**Supplied records:**
★ ★ ★

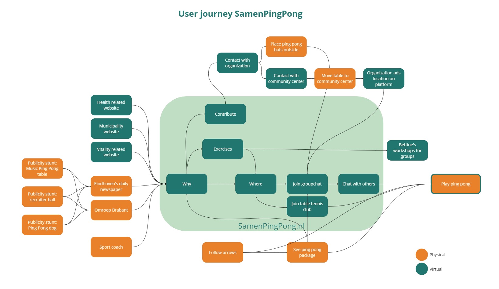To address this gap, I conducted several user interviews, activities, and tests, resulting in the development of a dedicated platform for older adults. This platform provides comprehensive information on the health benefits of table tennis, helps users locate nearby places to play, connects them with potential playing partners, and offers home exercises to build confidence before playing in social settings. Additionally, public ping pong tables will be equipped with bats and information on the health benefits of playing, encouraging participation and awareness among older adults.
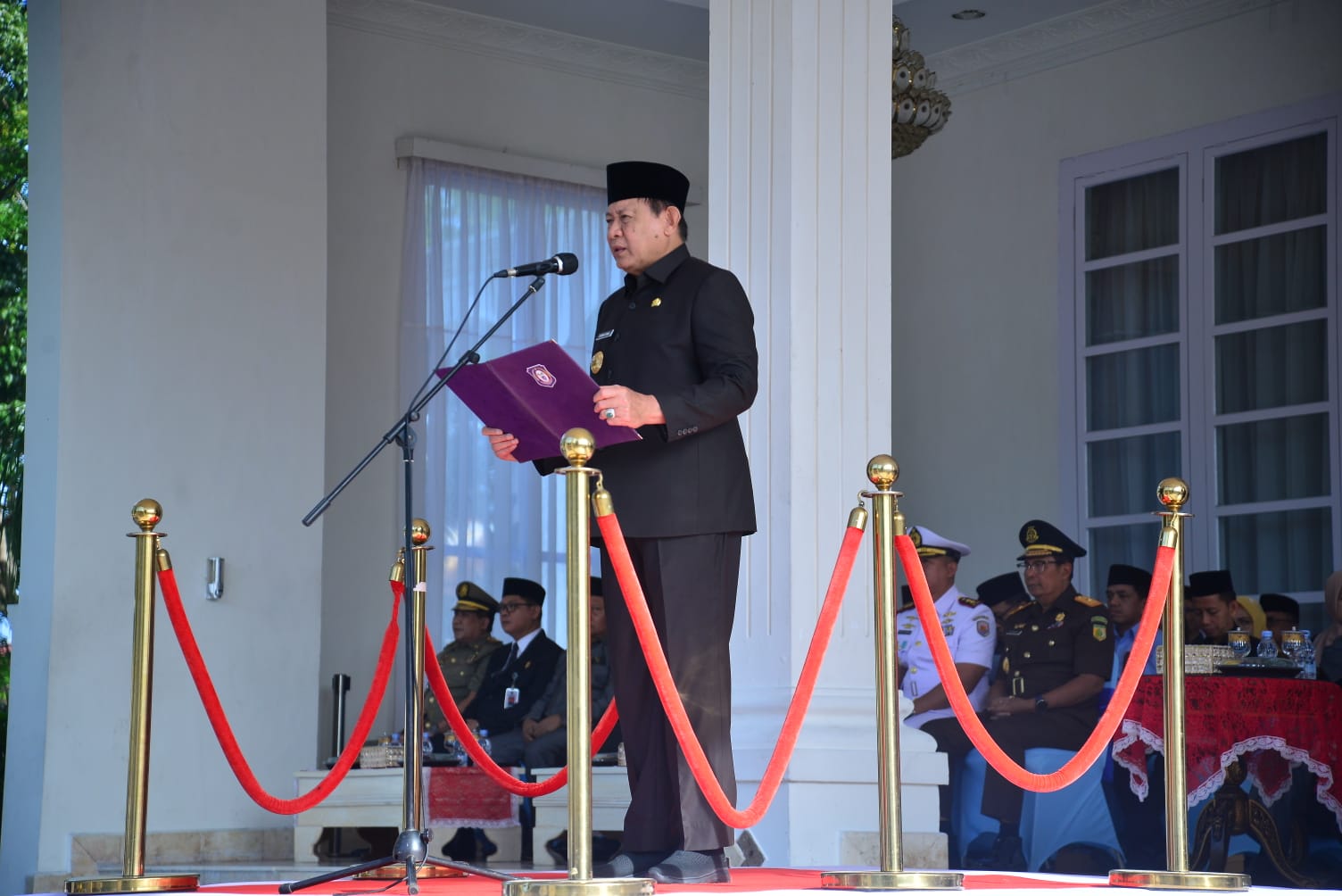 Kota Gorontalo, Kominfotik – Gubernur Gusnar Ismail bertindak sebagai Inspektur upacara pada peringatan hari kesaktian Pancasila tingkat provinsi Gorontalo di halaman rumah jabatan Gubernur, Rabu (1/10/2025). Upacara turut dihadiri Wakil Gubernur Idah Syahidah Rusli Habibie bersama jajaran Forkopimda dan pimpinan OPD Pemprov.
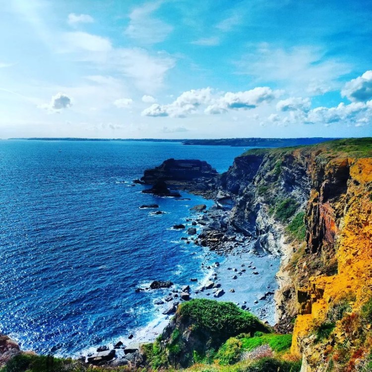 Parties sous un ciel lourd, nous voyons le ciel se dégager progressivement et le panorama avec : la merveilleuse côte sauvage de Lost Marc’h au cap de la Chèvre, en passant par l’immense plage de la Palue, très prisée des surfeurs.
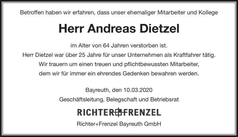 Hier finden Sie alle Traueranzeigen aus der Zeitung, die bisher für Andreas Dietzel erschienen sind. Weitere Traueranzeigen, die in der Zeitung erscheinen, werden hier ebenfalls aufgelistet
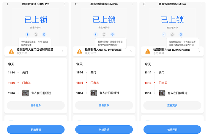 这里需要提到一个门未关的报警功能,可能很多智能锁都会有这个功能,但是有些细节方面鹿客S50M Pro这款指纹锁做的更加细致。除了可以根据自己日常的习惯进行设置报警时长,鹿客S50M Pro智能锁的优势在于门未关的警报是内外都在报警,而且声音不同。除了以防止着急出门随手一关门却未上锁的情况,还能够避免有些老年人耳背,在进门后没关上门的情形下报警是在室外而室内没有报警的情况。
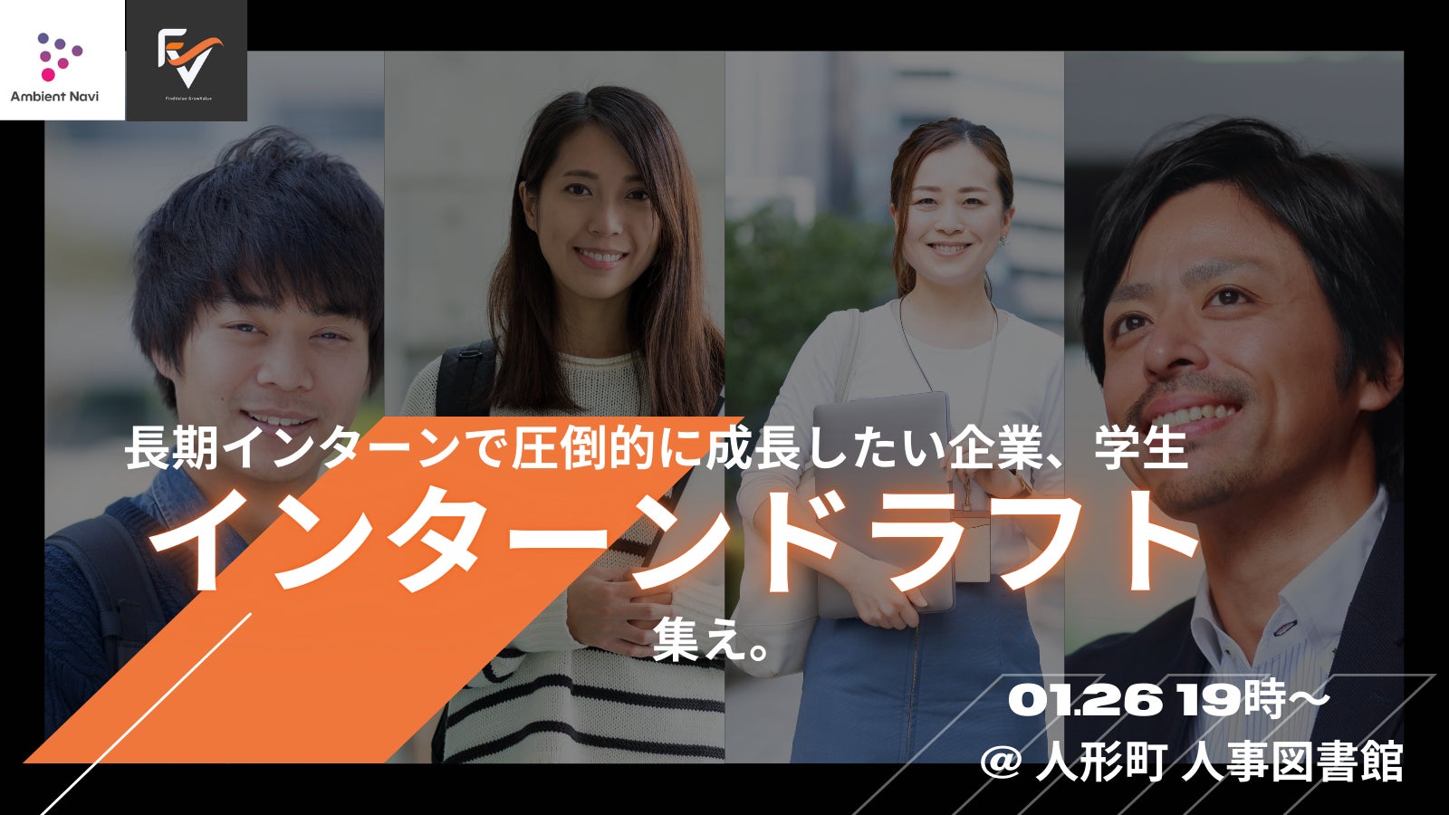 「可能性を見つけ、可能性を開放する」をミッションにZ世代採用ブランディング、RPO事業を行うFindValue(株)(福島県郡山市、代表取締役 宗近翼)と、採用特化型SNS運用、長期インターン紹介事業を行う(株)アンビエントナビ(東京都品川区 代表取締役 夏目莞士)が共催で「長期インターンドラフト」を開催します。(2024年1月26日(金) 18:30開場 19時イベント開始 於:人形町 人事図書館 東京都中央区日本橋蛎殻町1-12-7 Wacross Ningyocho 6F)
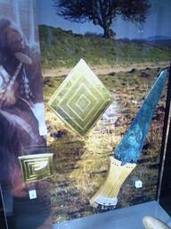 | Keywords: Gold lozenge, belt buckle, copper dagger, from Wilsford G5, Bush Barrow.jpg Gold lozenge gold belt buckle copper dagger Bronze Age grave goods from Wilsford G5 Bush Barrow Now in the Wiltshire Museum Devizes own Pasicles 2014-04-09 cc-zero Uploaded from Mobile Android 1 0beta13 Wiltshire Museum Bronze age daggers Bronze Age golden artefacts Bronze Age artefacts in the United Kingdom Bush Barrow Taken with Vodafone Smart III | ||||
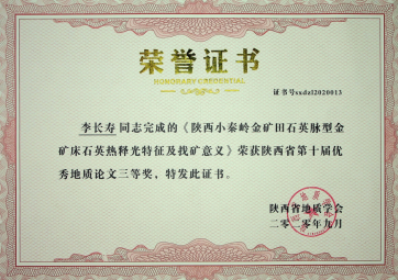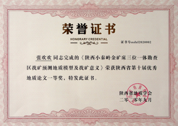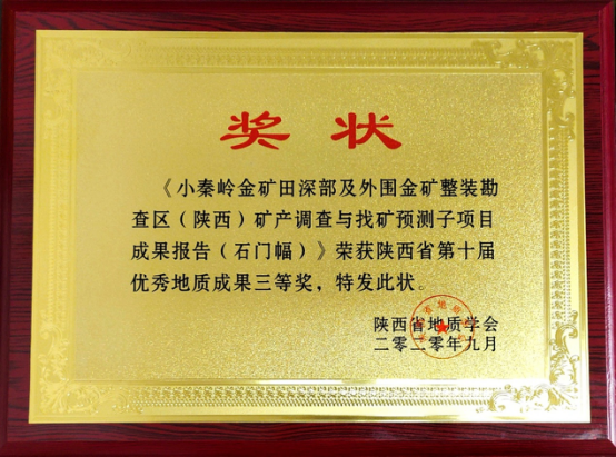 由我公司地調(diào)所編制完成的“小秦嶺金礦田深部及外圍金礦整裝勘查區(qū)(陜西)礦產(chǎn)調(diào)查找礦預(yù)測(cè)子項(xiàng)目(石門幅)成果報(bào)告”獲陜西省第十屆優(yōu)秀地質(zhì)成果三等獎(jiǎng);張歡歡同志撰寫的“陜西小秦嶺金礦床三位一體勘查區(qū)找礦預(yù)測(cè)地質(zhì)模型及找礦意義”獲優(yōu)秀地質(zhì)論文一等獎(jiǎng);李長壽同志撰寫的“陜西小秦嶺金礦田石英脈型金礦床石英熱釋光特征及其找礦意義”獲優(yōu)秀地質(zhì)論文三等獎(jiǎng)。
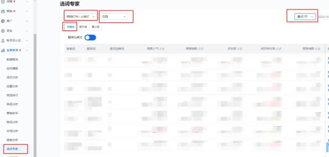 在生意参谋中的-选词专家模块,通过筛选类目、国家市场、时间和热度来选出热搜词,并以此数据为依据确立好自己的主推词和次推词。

★ ★ ★

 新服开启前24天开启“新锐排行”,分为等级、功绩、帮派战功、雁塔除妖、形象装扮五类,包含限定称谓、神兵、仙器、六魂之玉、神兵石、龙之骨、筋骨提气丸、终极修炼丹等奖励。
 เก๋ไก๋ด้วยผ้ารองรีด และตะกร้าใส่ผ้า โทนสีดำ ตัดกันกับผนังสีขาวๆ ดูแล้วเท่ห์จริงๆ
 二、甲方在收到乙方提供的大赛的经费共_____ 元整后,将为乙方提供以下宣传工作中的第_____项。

★ ★ ★

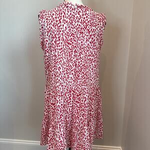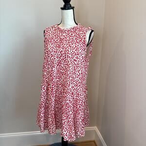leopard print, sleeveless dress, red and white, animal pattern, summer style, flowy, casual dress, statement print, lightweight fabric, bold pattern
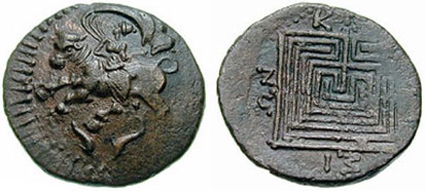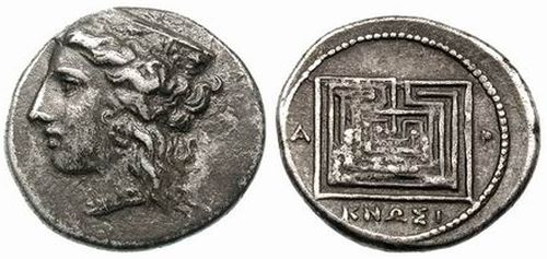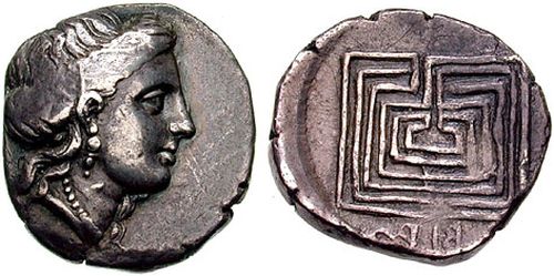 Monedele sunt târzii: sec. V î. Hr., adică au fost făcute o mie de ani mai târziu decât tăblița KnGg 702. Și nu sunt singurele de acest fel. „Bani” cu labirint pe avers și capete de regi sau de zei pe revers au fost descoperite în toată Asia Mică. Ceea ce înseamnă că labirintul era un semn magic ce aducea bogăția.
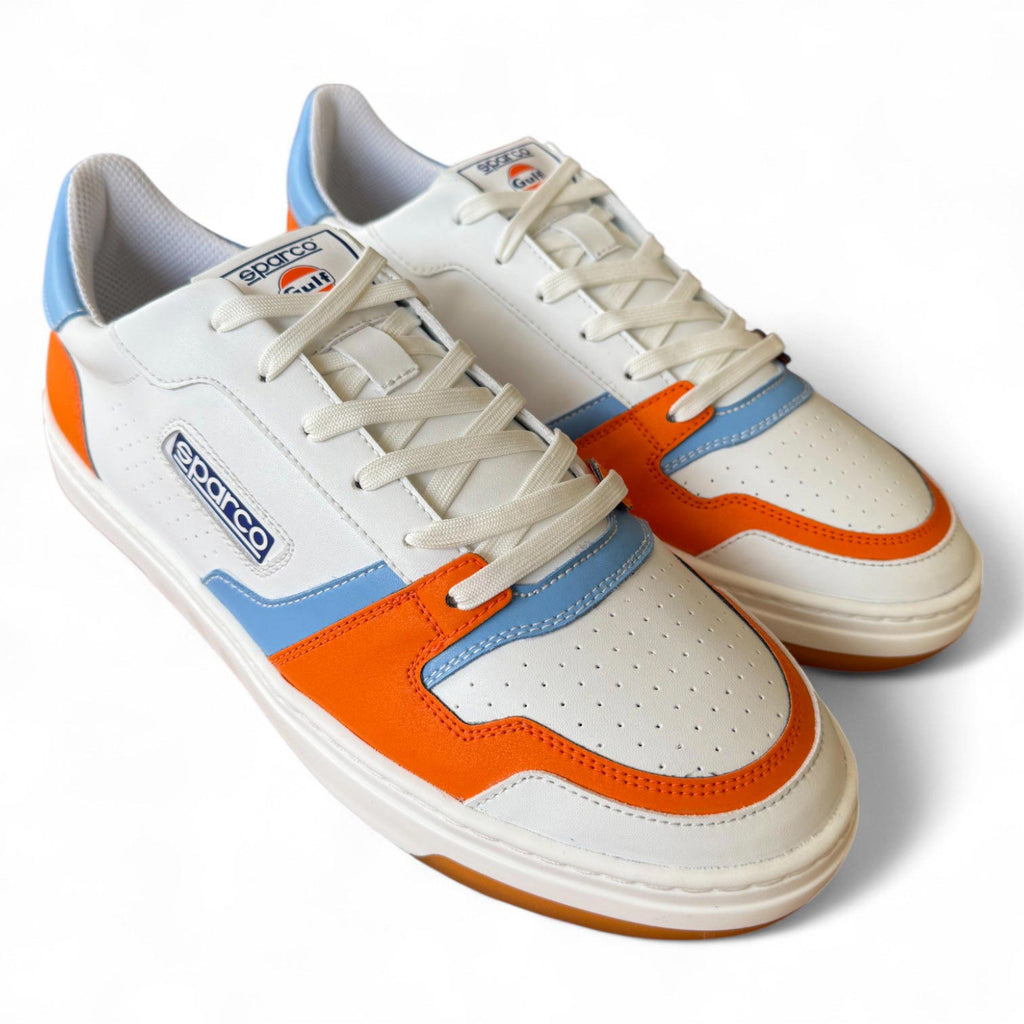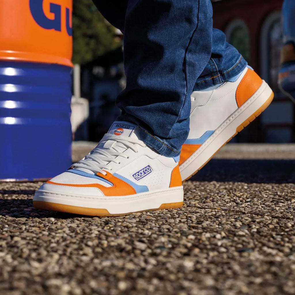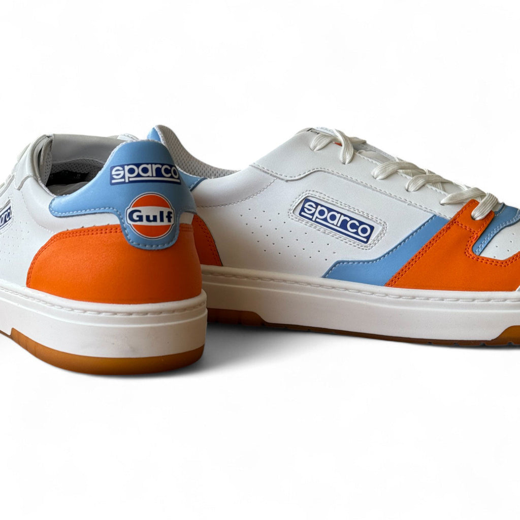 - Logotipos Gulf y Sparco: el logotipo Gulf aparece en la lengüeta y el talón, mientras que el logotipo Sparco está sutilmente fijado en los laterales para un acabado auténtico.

★ ★ ★

**Instructions to follow:**
Exact copy, pictures excluded: every line above from the one containing "To address this" to the one containing "Wacross Ningyocho 6F)", inclusive, and nothing more.

**Answer below:**
To address this gap, I conducted several user interviews, activities, and tests, resulting in the development of a dedicated platform for older adults. This platform provides comprehensive information on the health benefits of table tennis, helps users locate nearby places to play, connects them with potential playing partners, and offers home exercises to build confidence before playing in social settings. Additionally, public ping pong tables will be equipped with bats and information on the health benefits of playing, encouraging participation and awareness among older adults.
 Kota Gorontalo, Kominfotik – Gubernur Gusnar Ismail bertindak sebagai Inspektur upacara pada peringatan hari kesaktian Pancasila tingkat provinsi Gorontalo di halaman rumah jabatan Gubernur, Rabu (1/10/2025). Upacara turut dihadiri Wakil Gubernur Idah Syahidah Rusli Habibie bersama jajaran Forkopimda dan pimpinan OPD Pemprov.
 Parties sous un ciel lourd, nous voyons le ciel se dégager progressivement et le panorama avec : la merveilleuse côte sauvage de Lost Marc’h au cap de la Chèvre, en passant par l’immense plage de la Palue, très prisée des surfeurs.
 Hier finden Sie alle Traueranzeigen aus der Zeitung, die bisher für Andreas Dietzel erschienen sind. Weitere Traueranzeigen, die in der Zeitung erscheinen, werden hier ebenfalls aufgelistet
 这里需要提到一个门未关的报警功能,可能很多智能锁都会有这个功能,但是有些细节方面鹿客S50M Pro这款指纹锁做的更加细致。除了可以根据自己日常的习惯进行设置报警时长,鹿客S50M Pro智能锁的优势在于门未关的警报是内外都在报警,而且声音不同。除了以防止着急出门随手一关门却未上锁的情况,还能够避免有些老年人耳背,在进门后没关上门的情形下报警是在室外而室内没有报警的情况。
 「可能性を見つけ、可能性を開放する」をミッションにZ世代採用ブランディング、RPO事業を行うFindValue(株)(福島県郡山市、代表取締役 宗近翼)と、採用特化型SNS運用、長期インターン紹介事業を行う(株)アンビエントナビ(東京都品川区 代表取締役 夏目莞士)が共催で「長期インターンドラフト」を開催します。(2024年1月26日(金) 18:30開場 19時イベント開始 於:人形町 人事図書館 東京都中央区日本橋蛎殻町1-12-7 Wacross Ningyocho 6F)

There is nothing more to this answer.